#### Saved entries:

=== Section Start ===

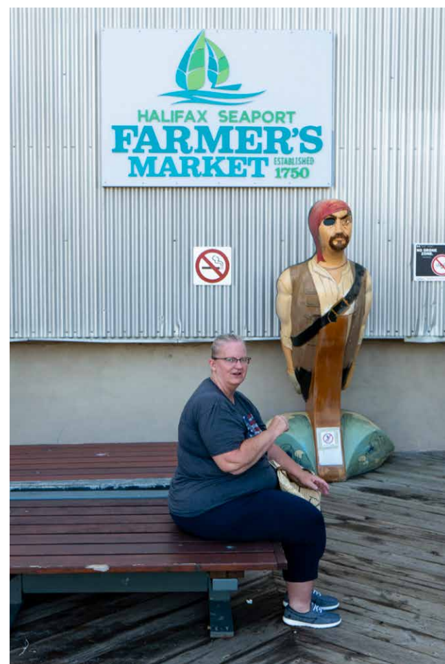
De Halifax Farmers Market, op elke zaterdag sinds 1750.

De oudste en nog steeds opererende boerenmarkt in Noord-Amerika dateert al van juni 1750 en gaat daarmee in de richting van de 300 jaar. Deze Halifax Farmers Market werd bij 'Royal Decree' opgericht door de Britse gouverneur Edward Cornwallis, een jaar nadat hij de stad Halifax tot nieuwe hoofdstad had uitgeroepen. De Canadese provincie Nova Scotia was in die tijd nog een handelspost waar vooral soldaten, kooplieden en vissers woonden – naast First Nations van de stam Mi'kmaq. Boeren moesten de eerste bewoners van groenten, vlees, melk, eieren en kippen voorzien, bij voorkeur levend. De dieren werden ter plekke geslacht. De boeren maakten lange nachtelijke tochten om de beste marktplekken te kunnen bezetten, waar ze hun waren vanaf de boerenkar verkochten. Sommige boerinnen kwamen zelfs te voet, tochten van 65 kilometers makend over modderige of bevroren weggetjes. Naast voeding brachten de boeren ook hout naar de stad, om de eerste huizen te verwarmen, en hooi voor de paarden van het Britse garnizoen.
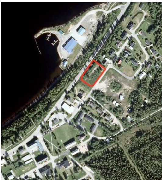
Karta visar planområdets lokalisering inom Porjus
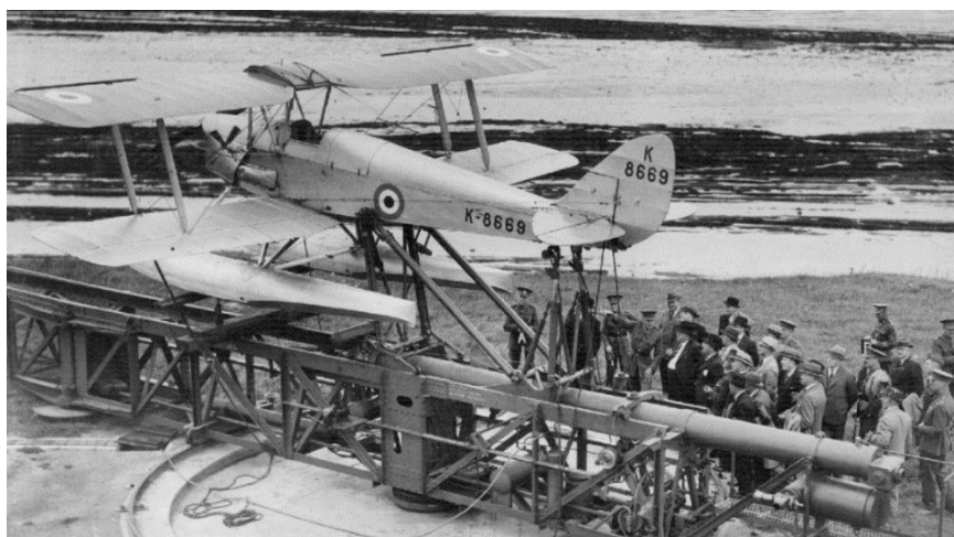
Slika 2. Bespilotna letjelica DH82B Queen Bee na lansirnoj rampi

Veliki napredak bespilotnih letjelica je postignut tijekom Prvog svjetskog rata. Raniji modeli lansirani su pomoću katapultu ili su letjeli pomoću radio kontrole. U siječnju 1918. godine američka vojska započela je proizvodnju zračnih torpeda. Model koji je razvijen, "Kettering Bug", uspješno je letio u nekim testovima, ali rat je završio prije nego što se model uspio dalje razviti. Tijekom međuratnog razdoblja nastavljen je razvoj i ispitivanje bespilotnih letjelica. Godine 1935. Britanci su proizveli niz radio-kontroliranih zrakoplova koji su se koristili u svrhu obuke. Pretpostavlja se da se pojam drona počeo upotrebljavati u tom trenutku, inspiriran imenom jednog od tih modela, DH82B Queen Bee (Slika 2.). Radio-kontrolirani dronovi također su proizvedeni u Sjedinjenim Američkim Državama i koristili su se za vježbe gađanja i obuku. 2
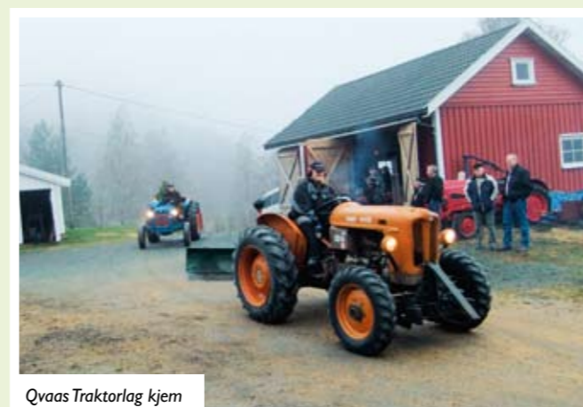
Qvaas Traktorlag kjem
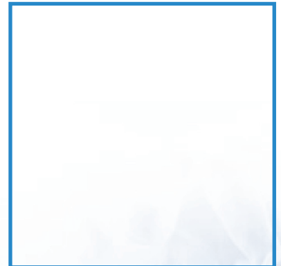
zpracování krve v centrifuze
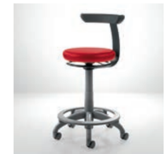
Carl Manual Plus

=== Section End ===

#### Task goal:
Please report every line in the entries above that holds the string "Market".

#### Solution:
De Halifax Farmers Market, op elke zaterdag sinds 1750.
De oudste en nog steeds opererende boerenmarkt in Noord-Amerika dateert al van juni 1750 en gaat daarmee in de richting van de 300 jaar. Deze Halifax Farmers Market werd bij 'Royal Decree' opgericht door de Britse gouverneur Edward Cornwallis, een jaar nadat hij de stad Halifax tot nieuwe hoofdstad had uitgeroepen. De Canadese provincie Nova Scotia was in die tijd nog een handelspost waar vooral soldaten, kooplieden en vissers woonden – naast First Nations van de stam Mi'kmaq. Boeren moesten de eerste bewoners van groenten, vlees, melk, eieren en kippen voorzien, bij voorkeur levend. De dieren werden ter plekke geslacht. De boeren maakten lange nachtelijke tochten om de beste marktplekken te kunnen bezetten, waar ze hun waren vanaf de boerenkar verkochten. Sommige boerinnen kwamen zelfs te voet, tochten van 65 kilometers makend over modderige of bevroren weggetjes. Naast voeding brachten de boeren ook hout naar de stad, om de eerste huizen te verwarmen, en hooi voor de paarden van het Britse garnizoen.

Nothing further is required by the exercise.